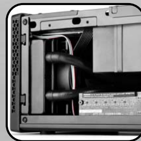
Support 120mm or 140mm single fan All-in-One Liquid Cooler
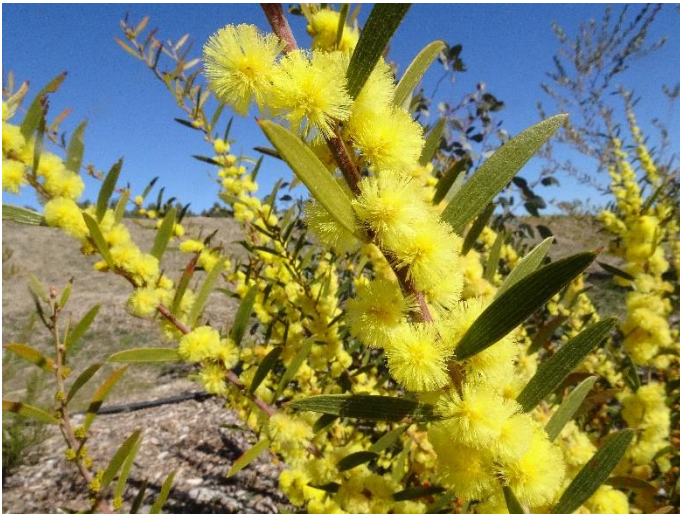
Acacia lanigera Woolly Wattle. Our first acacia to flower this Season. It is close to our entrance.

Of Interest at Forest 20, August 2024 Number 111
□ □ □
__What the task requires__. Pictures are to be left out; repeat all the remaining data exactly.

__Problem solution__.
Support 120mm or 140mm single fan All-in-One Liquid Cooler
Acacia lanigera Woolly Wattle. Our first acacia to flower this Season. It is close to our entrance.

Of Interest at Forest 20, August 2024 Number 111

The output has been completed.